# TASK TO COMPLETE
From the line that holds "評議・専門委員会の皆さんと教職員とでプール清掃を実施!" to the last line below, retype everything exactly and nothing else; omit pictures.

# DATA EXCERPT
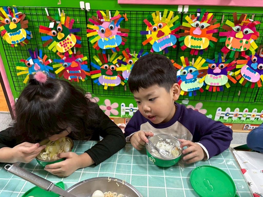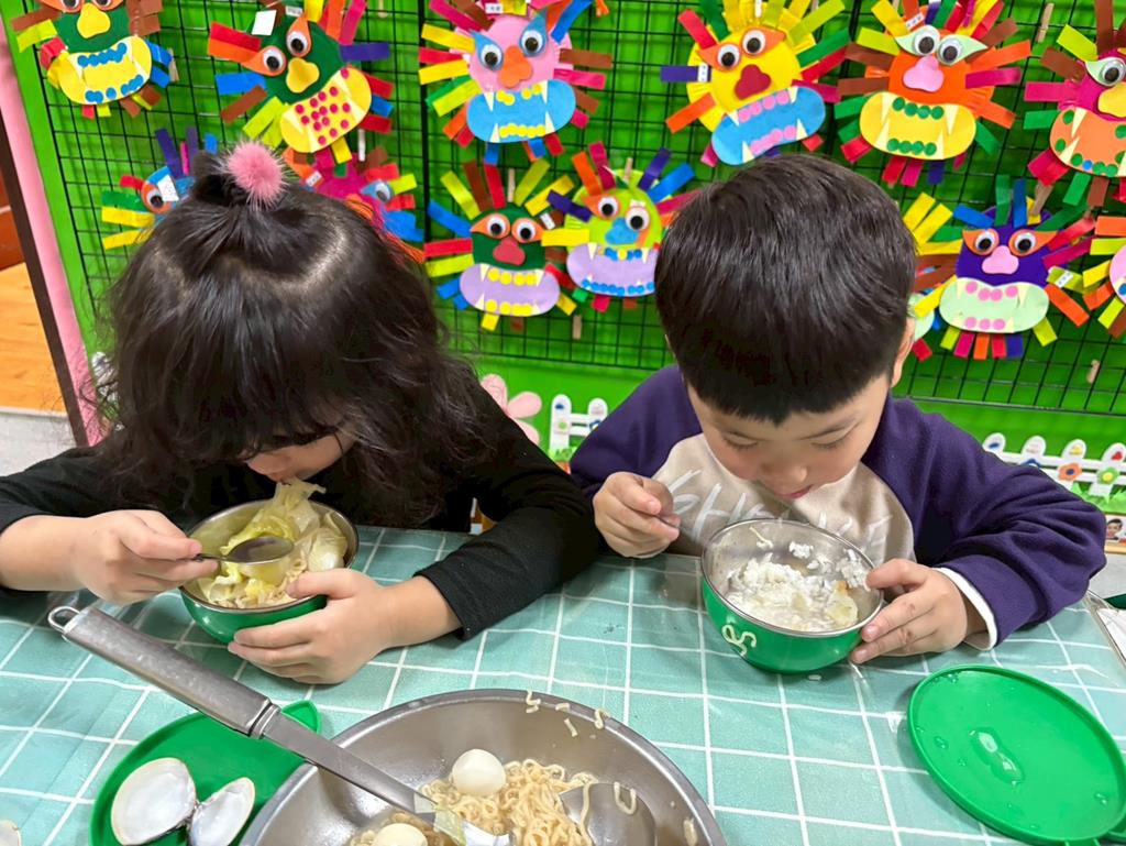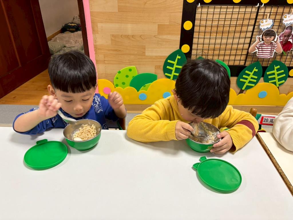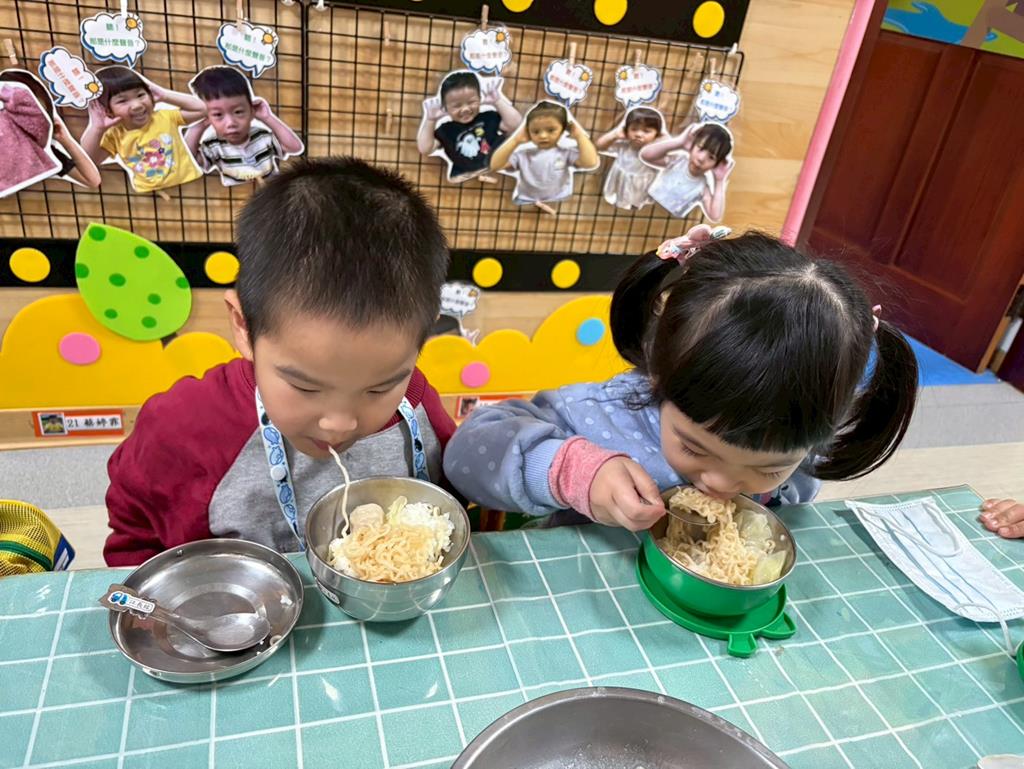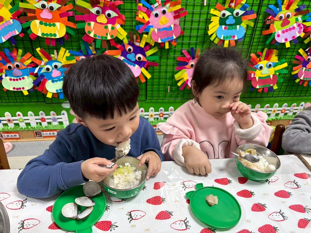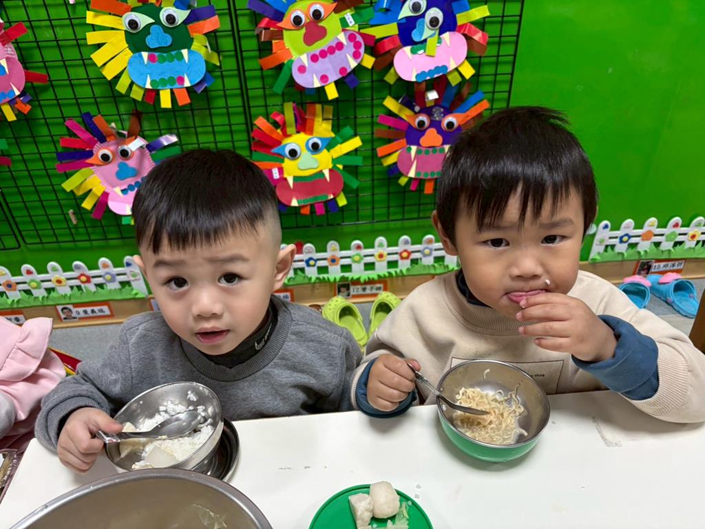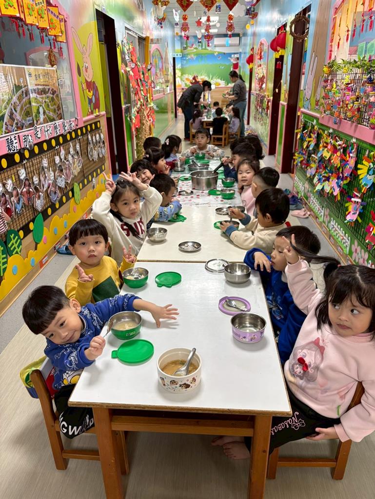 幼兒在學校吃火鍋圍爐感受過年的氛圍
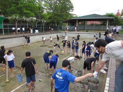 評議・専門委員会の皆さんと教職員とでプール清掃を実施!
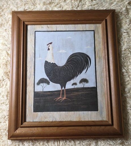 Vintage American Folk Art Style Farmhouse Decor 11x13 Add a touch of rustic country charm to any space with this classic framed print. This piece depicts a charming black and white rooster in a simple, natural landscape. It is an ideal addition to farmhouse, rustic, or cottage-inspired kitchens, living rooms, or dining areas. Style: American Folk Art, Primitive, Country Colors: Black and white rooster against a light blue/neutral background Frame: Wood frame in a natural or light brown finish (as pictured) Approximate Dimensions: 11 inches x 13 inches (frame size) Condition: Gently used vintage condition. Frame is solid with minor wear, perfect for a rustic aesthetic. $5 #19-26
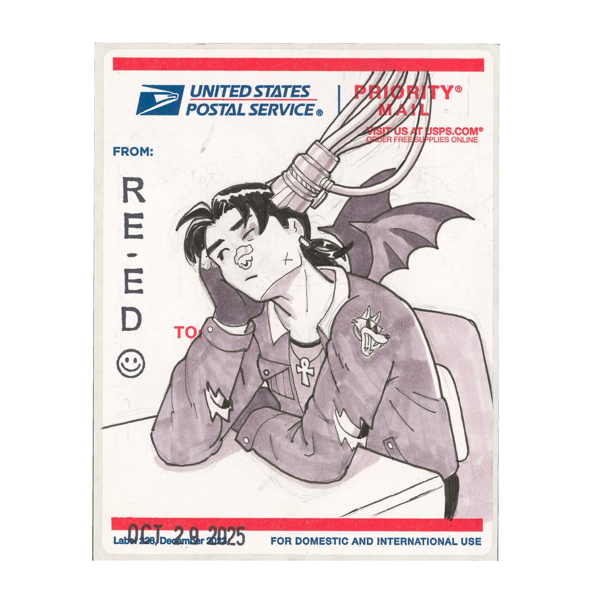 4x6 original art USPS shipping label. Drawn for Inktober day 29 using micron pens and Spectra markers.

# TASK ANSWER
 評議・専門委員会の皆さんと教職員とでプール清掃を実施!
 Vintage American Folk Art Style Farmhouse Decor 11x13 Add a touch of rustic country charm to any space with this classic framed print. This piece depicts a charming black and white rooster in a simple, natural landscape. It is an ideal addition to farmhouse, rustic, or cottage-inspired kitchens, living rooms, or dining areas. Style: American Folk Art, Primitive, Country Colors: Black and white rooster against a light blue/neutral background Frame: Wood frame in a natural or light brown finish (as pictured) Approximate Dimensions: 11 inches x 13 inches (frame size) Condition: Gently used vintage condition. Frame is solid with minor wear, perfect for a rustic aesthetic. $5 #19-26
 4x6 original art USPS shipping label. Drawn for Inktober day 29 using micron pens and Spectra markers.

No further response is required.